Ian McNabb singles chronology
| "Little Princess" (1999) | "Let the Young Girl Do What She Wants To" (2005) |  |

= Let the Young Girl Do What She Wants To =

"Let the Young Girl Do What She Wants To" is the eleventh solo single released by Ian McNabb. The song was the sole single release from the album Before All of This and is McNabb's best charting single to date.
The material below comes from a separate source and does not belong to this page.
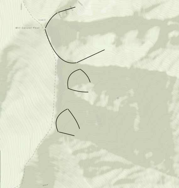 Working at Soldier Hollow Biathlon. On the morning of the 15th noticed the three slides on the East, South East face of Mill Canyon Peak. Temptation, Tom's Canyon and Left side of Tommy Gun. The whole East face basin off the top of the Peak had released with the crown face, Approx. 6'-4' x 1/4 mile long? Plus raced around the north corner of the basin. It is identified as Temptation in the Wastach Back Country map.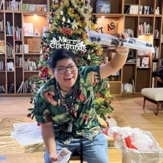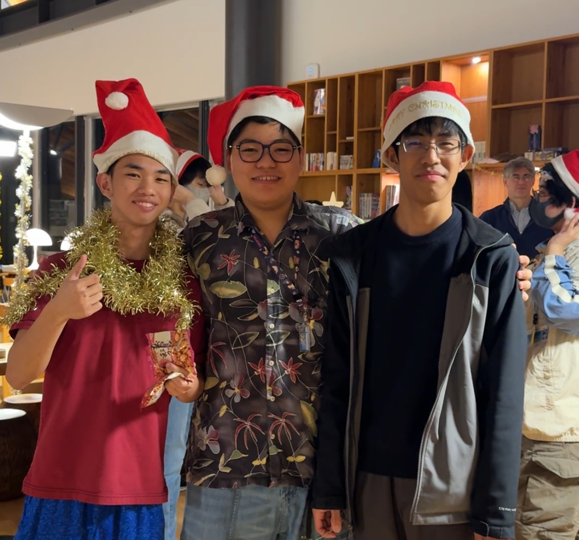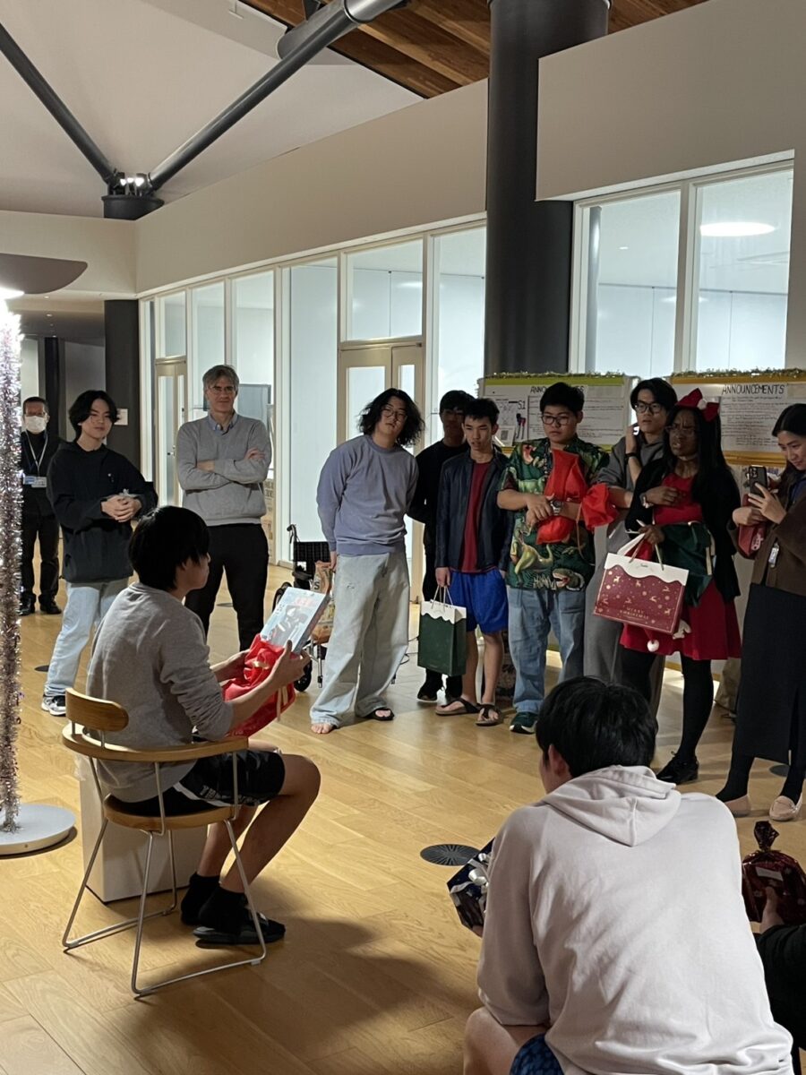 Then came the Secret Santa gift hunt. While the students were enjoying dinner, the Learning Mentors turned into sneaky elves—elves who assisted Santa Claus in making presents and pulling pranks—, gathered the gifts from under the Christmas tree, and hid them all around the Living Commons. When the students returned, the search began! There were cheers, laughter, and a few puzzled faces—mine included! I needed help finding my own gift!

The single charted at number 38 on the UK Singles Chart shortly after its release, due to a fan-driven attempt to gain greater publicity and recognition for his then-current album, Before All of This.

==Critical reception==
A Music-news.com review stated that the single "packs a surprise punch and reveals a very clever catchy tune", before concluding that it was "worth a listen."

==Track listings==

7"
1. "Let the Young Girl Do What She Wants To" [2:52]
2. "They Will Find You Out" [4:13]

CD & digital download
1. "Let the Young Girl Do What She Wants To" [2:54]
2. "They Shoot Horses Don't They" [3:51]
3. "Message from the Country" [3:28]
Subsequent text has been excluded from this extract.